*Data supplied:*
· · · · · · ·
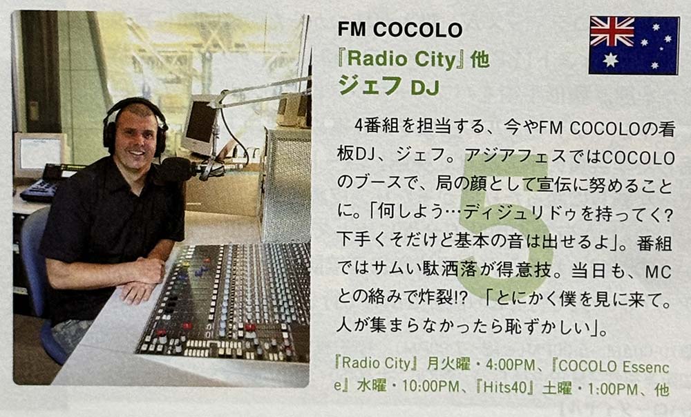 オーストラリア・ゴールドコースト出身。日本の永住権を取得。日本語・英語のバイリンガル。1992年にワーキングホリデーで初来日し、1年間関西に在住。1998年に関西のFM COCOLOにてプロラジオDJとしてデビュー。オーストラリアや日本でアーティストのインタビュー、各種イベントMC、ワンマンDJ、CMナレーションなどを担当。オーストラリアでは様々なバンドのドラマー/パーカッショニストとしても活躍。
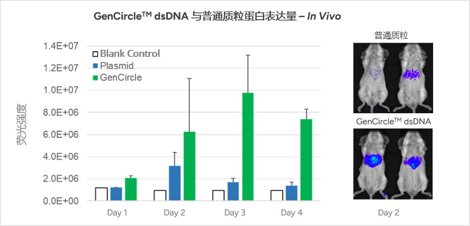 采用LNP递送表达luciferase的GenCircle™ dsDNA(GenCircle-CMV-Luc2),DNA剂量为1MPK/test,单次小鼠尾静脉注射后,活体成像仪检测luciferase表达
· · · · · · ·
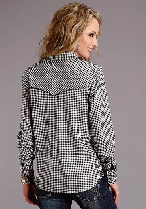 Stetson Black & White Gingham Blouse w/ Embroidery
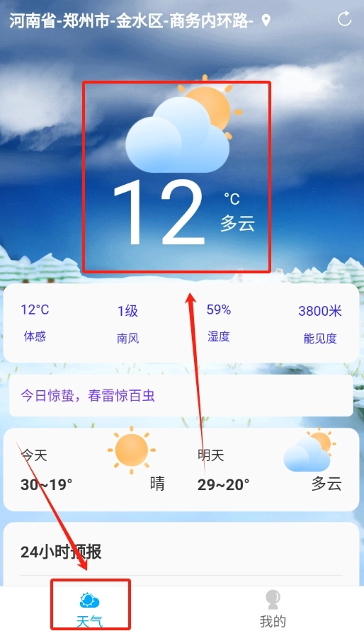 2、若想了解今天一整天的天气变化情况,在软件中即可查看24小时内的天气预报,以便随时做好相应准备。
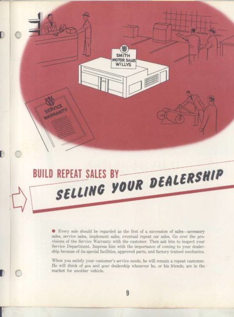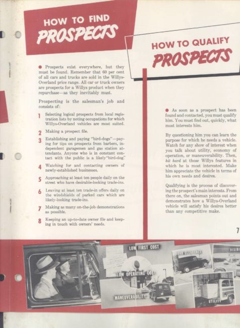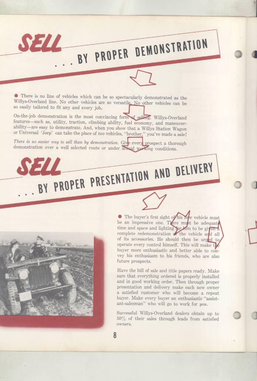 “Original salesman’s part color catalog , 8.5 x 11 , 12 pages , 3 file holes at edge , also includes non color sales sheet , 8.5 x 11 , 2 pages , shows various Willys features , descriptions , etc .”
· · · · · · ·
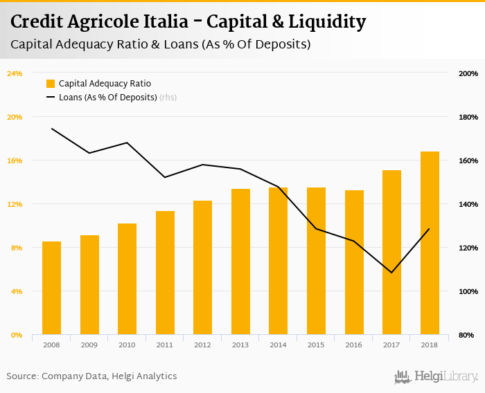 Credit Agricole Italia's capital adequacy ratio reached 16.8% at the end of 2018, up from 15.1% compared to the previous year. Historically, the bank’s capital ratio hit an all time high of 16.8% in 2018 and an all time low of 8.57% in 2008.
· · · · · · ·
*Activity:* Output should consist of the lines above from the one with "オーストラリア・ゴールドコー" down to the one with "采用LNP递送表达lucif", exact and without pictures.

*Solution for this task:*
 オーストラリア・ゴールドコースト出身。日本の永住権を取得。日本語・英語のバイリンガル。1992年にワーキングホリデーで初来日し、1年間関西に在住。1998年に関西のFM COCOLOにてプロラジオDJとしてデビュー。オーストラリアや日本でアーティストのインタビュー、各種イベントMC、ワンマンDJ、CMナレーションなどを担当。オーストラリアでは様々なバンドのドラマー/パーカッショニストとしても活躍。
 采用LNP递送表达luciferase的GenCircle™ dsDNA(GenCircle-CMV-Luc2),DNA剂量为1MPK/test,单次小鼠尾静脉注射后,活体成像仪检测luciferase表达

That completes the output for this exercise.